(Data items)

=== Begin Enclosure ===

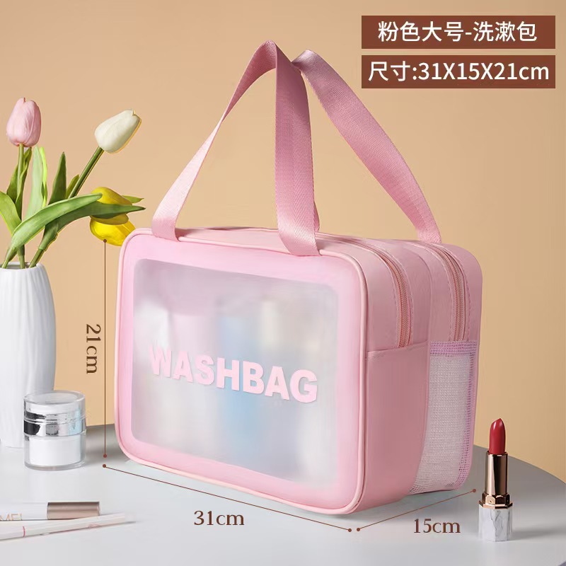휴대용 대용량 저장 가방 수영 가방 투명 워시 백 여행 프로스트 화장품 PU 방수 화장품 가방스토어 가기
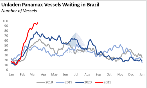 Panamax congestion in Brazil has soared over the past 2 months as a flood of vessels arrived at Brazil a bit early, but now congestion is likely around a peak as the fast export pace clears though the line-up.
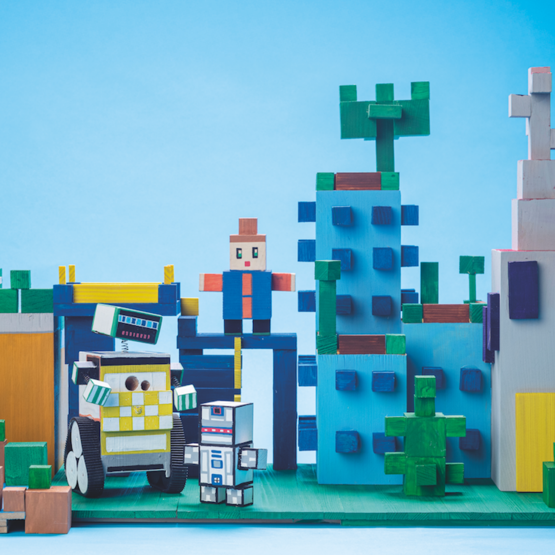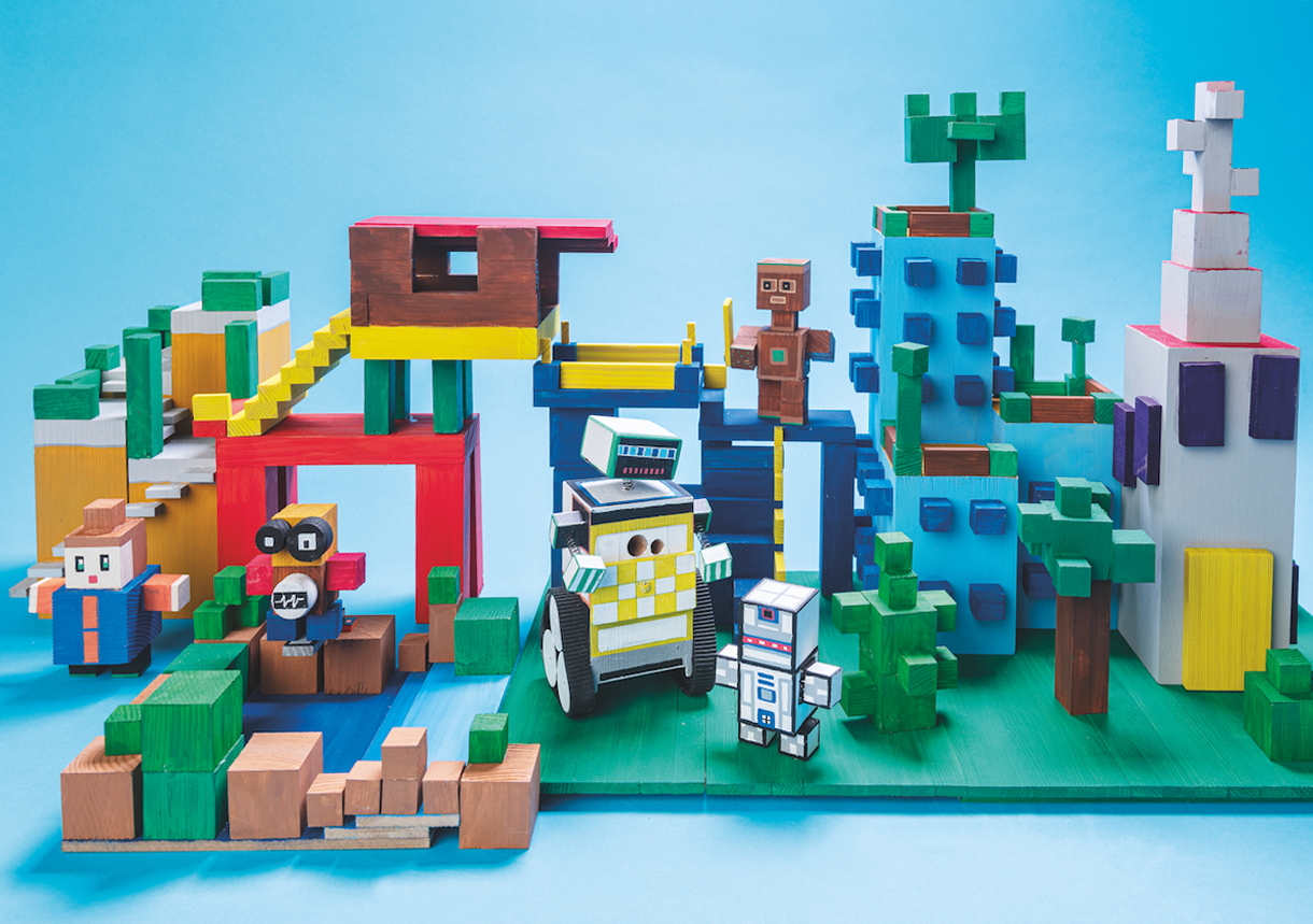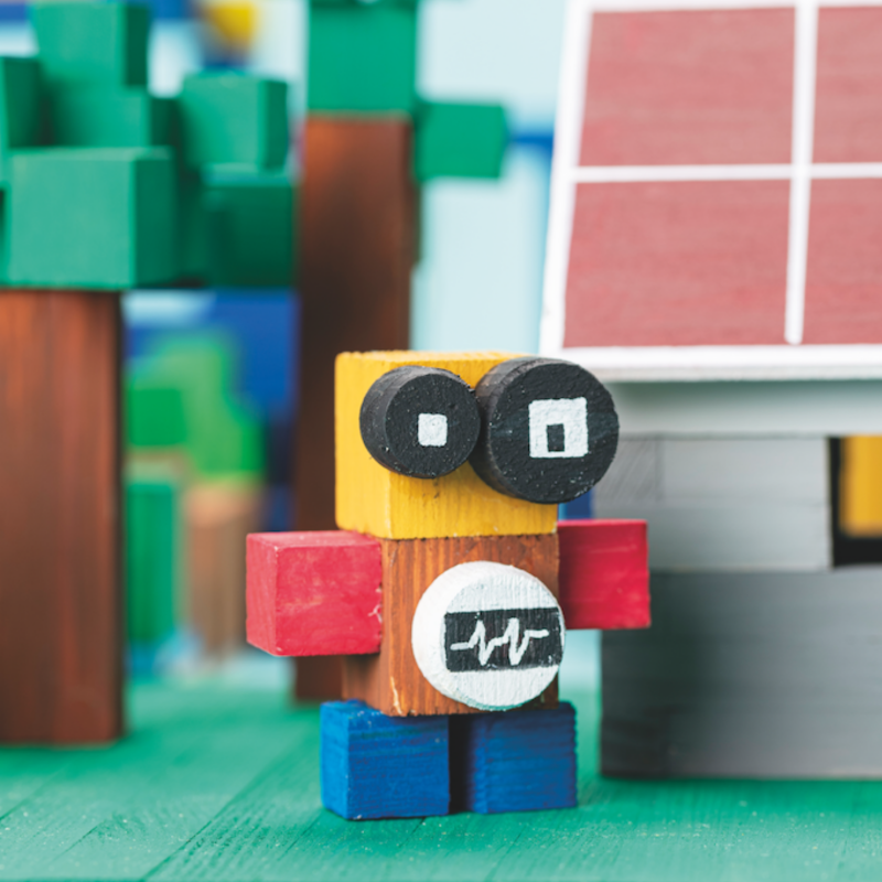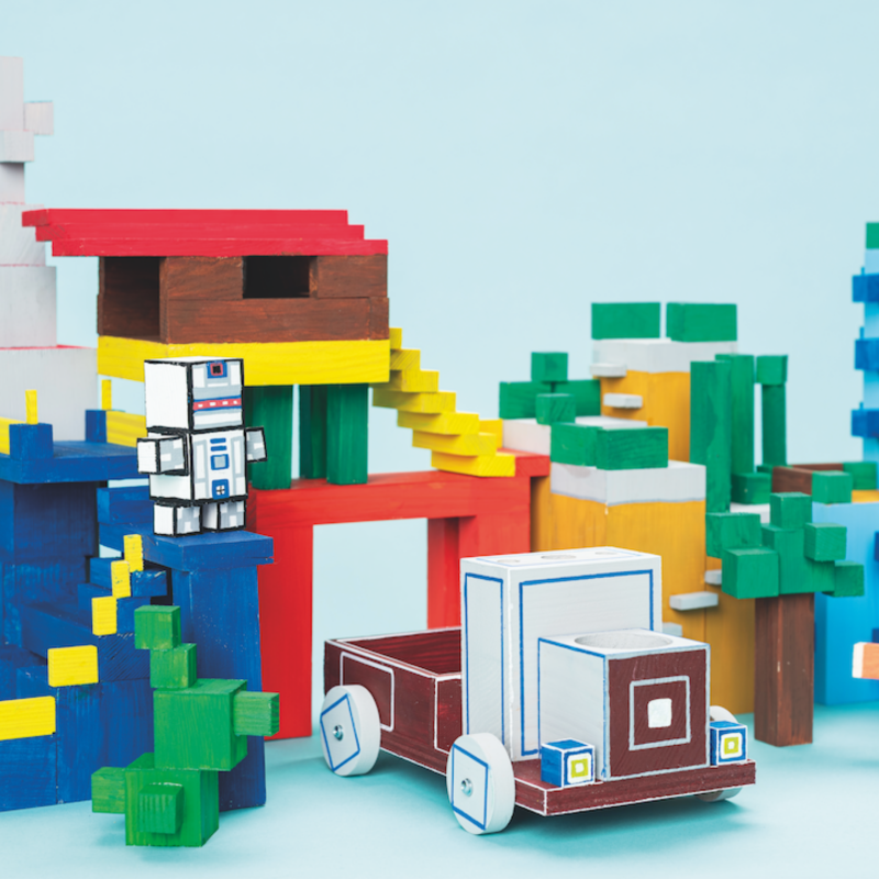 Aus Würfeln und Leisten entstehen ganze Bauwelten: Häuser, Türme, Figuren und kleine Szenen mit eigener Logik und Geschichte. Kinder bauen, stapeln, kombinieren und verändern – und entdecken dabei ganz selbstverständlich geometrische Formen, räumliche Beziehungen, Höhen, Symmetrien und einfache statische Zusammenhänge.
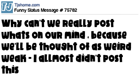 X Why can't we really post whats on our mind , because we'll be thought of as weird weak - I allmost didn't post this
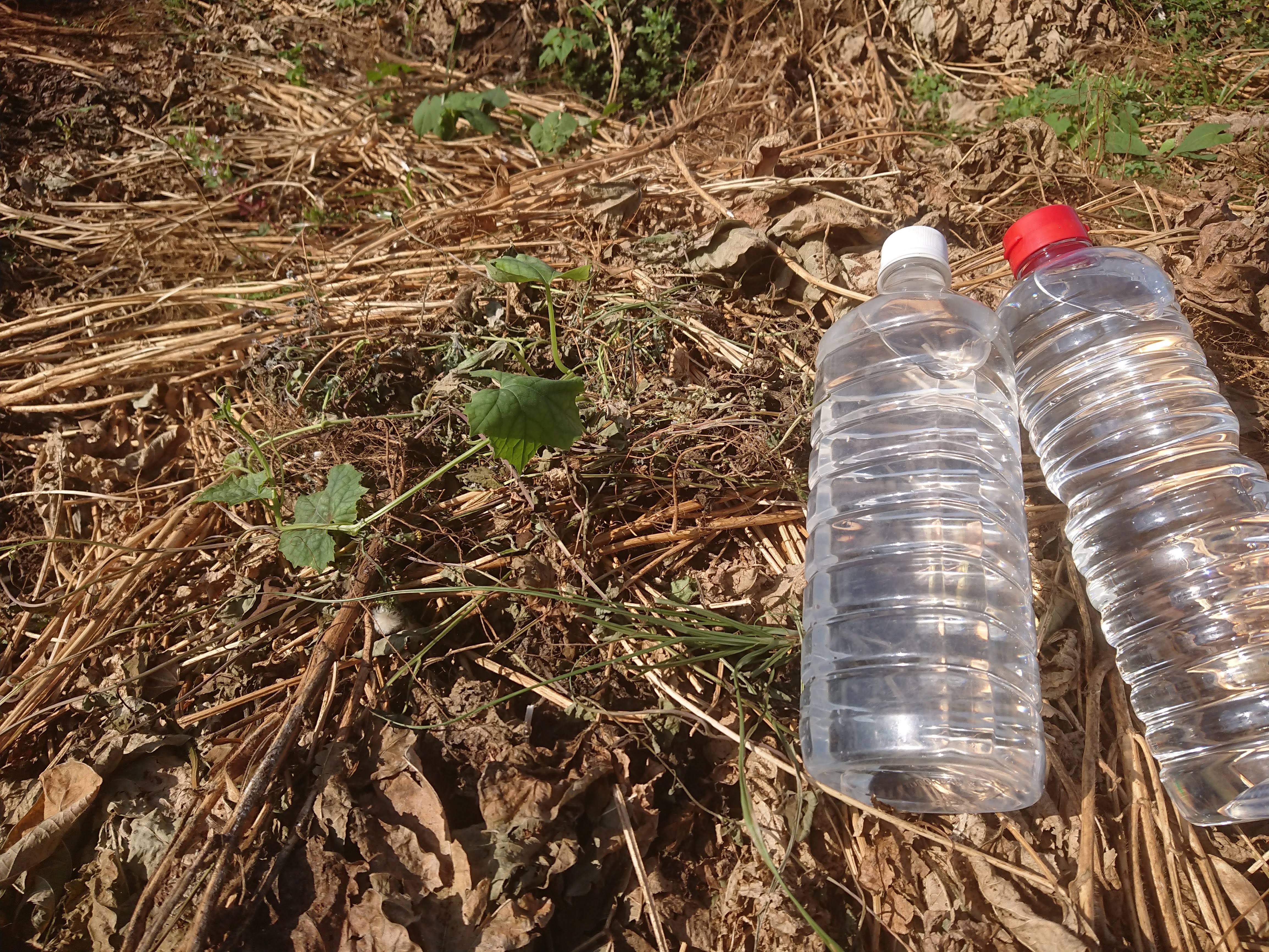 ▽本日も仕事の前に植え付けたヘチマに水やり。弱っている株があるので心配。ちょうど醤油がなくなったので空き容器を水やり用に導入。ペットボトル飲料は買うことがないので貴重です。ちなみに左のペットボトルは木酢液が入ってました。
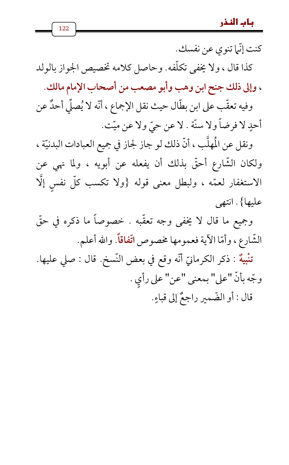 كذا قال , ولا يخفى تكلّفه. وحاصل كلامه تخصيص الجواز بالولد، وإلى ذلك جنح ابن وهب وأبو مصعب من أصحاب الإمام مالك.

=== End Enclosure ===

→ **What to work on**:
Only the lines from the beginning of the records through the line bearing "Panamax congestion in" belong in the answer, copied word for word with pictures left out.

→ **Output of the task**:
휴대용 대용량 저장 가방 수영 가방 투명 워시 백 여행 프로스트 화장품 PU 방수 화장품 가방스토어 가기
 Panamax congestion in Brazil has soared over the past 2 months as a flood of vessels arrived at Brazil a bit early, but now congestion is likely around a peak as the fast export pace clears though the line-up.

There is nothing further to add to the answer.